# The rain is definitely coming!!



## jogi (Oct 14, 2009)

It is going to get pretty nasty within the next few hours here in northeast ohio. Any predictions on how high the river flow rates are going to get. I am hoping the chagrin and rocky go well over 1000cfs. It is just a guess but one can dream lol. Be safe everyone


----------



## flytyer (Jan 3, 2005)

You're going to have to get alot more rain then we did to make the rivers do anything. It rained here hard for about 5 minutes then was gone. Stong winds in it, so get ready.


----------



## jogi (Oct 14, 2009)

flytyer said:


> You're going to have to get alot more rain then we did to make the rivers do anything. It rained here hard for about 5 minutes then was gone. Stong winds in it, so get ready.

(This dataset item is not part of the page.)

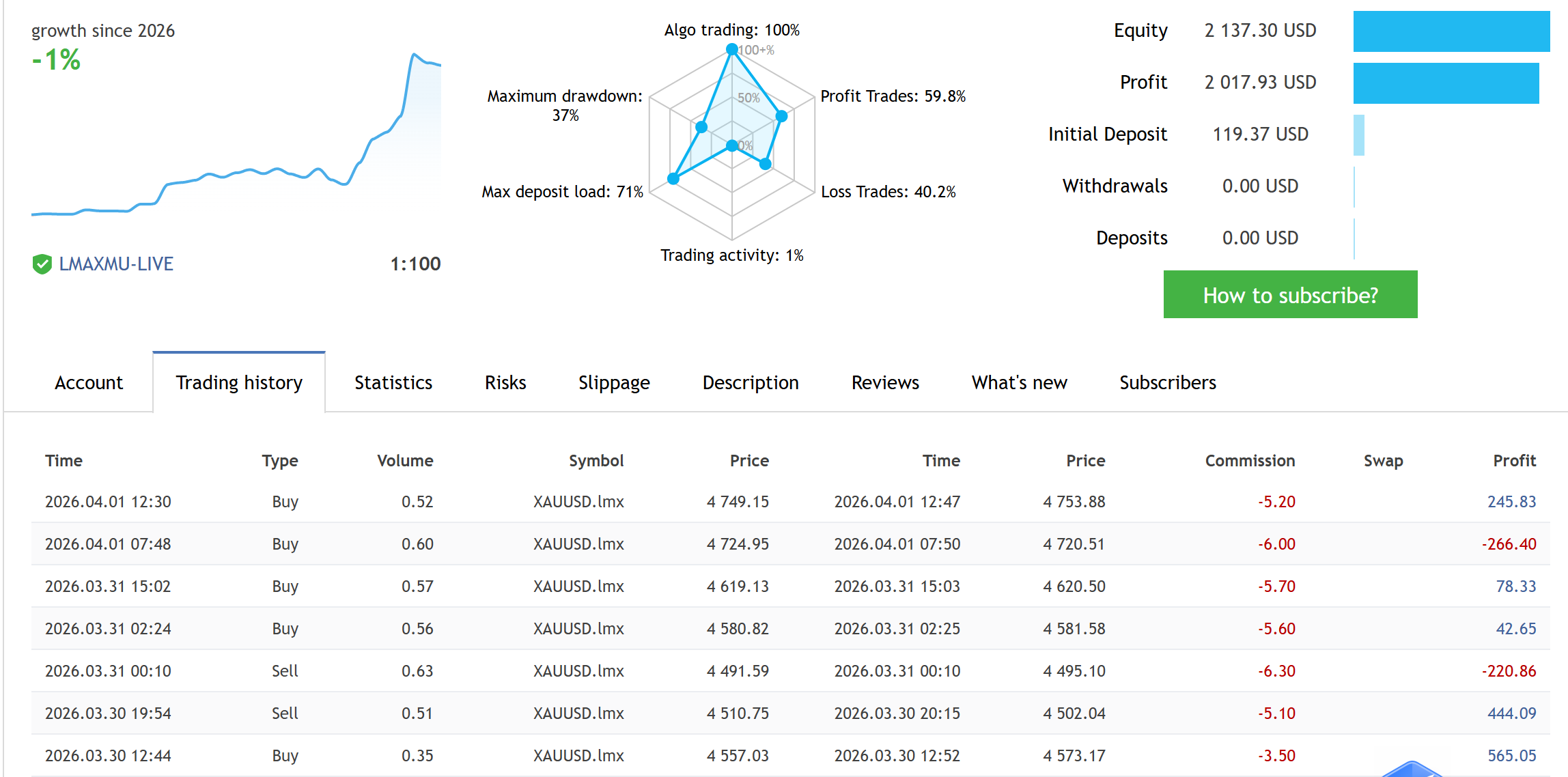 The signal : Gold V3 LMAX 119 10P HR testing 2026-4-1, the percent of growth on this account is wrong suddenly today. and it should be around 2000% , as there is no other new depoist or withdrawal , it looks clear , no matter how, this account began from 119 usd.

Thats crazy you only got rain for 5 minutes. I hear the wind can get up to 60-70mph.


----------



## HotChilly (Oct 4, 2010)

Sadly I think we wont get enough rain. So far it's been very disappointing. We need a strong blowout rain that has a potential to kill....well not really but we need rain dang it. The river is soo low and clear now, i dropped my maggot into the river and simply just picked it back up because i can see it wiggling at the bottom. =(...saaaaaddd


----------



## thephildo0916 (Mar 4, 2009)

I dont see us getting enough rain in what looks to be this brief storm. It was just add a little color. I think.


----------



## steelheadBob (Jul 6, 2004)

As fast as its moving, its just going to get things wet.... and from the wind, the rivers are going to be loaded with leaves... pros=== the leaves will stain the water a coffee tint.... cons==== there a pain!!!!!


----------



## HotChilly (Oct 4, 2010)

wow, this rain might do the trick. Im predicting flow gauge of 350 tops. Who wants to play the guessing game with me =)


----------



## Brian.Smith (May 18, 2006)

how long did it rain up there (NorthEast), its still raining in Columbus


----------



## brodg (Sep 6, 2010)

Still raining in Akron at 6:40.


----------



## djones87 (Oct 20, 2010)

Rocky at 93 and looks to be heading back down and the rain seems to be gone! Took Monday thinking we were going to get hard...how did the east side fair?


----------



## steelheadBob (Jul 6, 2004)

Its leaving the state as fast as it came in!!!!! LOL


----------



## HotChilly (Oct 4, 2010)

weak........


----------



## Wow (May 17, 2010)

If we all pitch in a couple of bucks, we could hire a native american to, you know, do the dance. --Tim


----------



## fredg53 (Sep 17, 2010)

Live on the Shag just walked off the dock it is barely up right now at 830 pm:at-wits-end::at-wits-end::at-wits-end:


----------



## las johnny (Sep 20, 2007)

its 8:50 and im by the grand it has not stopped raining here since about 4 o clock. for the past hour or 2 it has been raining pretty good.


----------



## Steelhead Fever (Dec 31, 2009)

hopefully the upper rivers get some more rain...


----------



## KSUFLASH (Apr 14, 2004)

Go Fishing...


----------



## HotChilly (Oct 4, 2010)

why must I have a test tomorrow. This is soooo uncool. SOOOO tempted to go


----------



## JFeeds (Apr 14, 2008)

should the conditions be good saturday? i might head up before halloween festivities, but i don't wanna drive an hour+ (from youngstown) to get skunked and waste a bunch of gas


----------



## jogi (Oct 14, 2009)

JFeeds said:


> should the conditions be good saturday? i might head up before halloween festivities, but i don't wanna drive an hour+ (from youngstown) to get skunked and waste a bunch of gas


I would think conditions will be great on saturday. Hopefully the water levels don't go down too quickly.


----------



## fredg53 (Sep 17, 2010)

Saturday will be fine. Make the trip


----------



## fishinbula (Aug 30, 2007)

Jfeeds head on up - was out last night for a hour before some rain moved in was able to land 1 hen. Water levels and clarity were good.


----------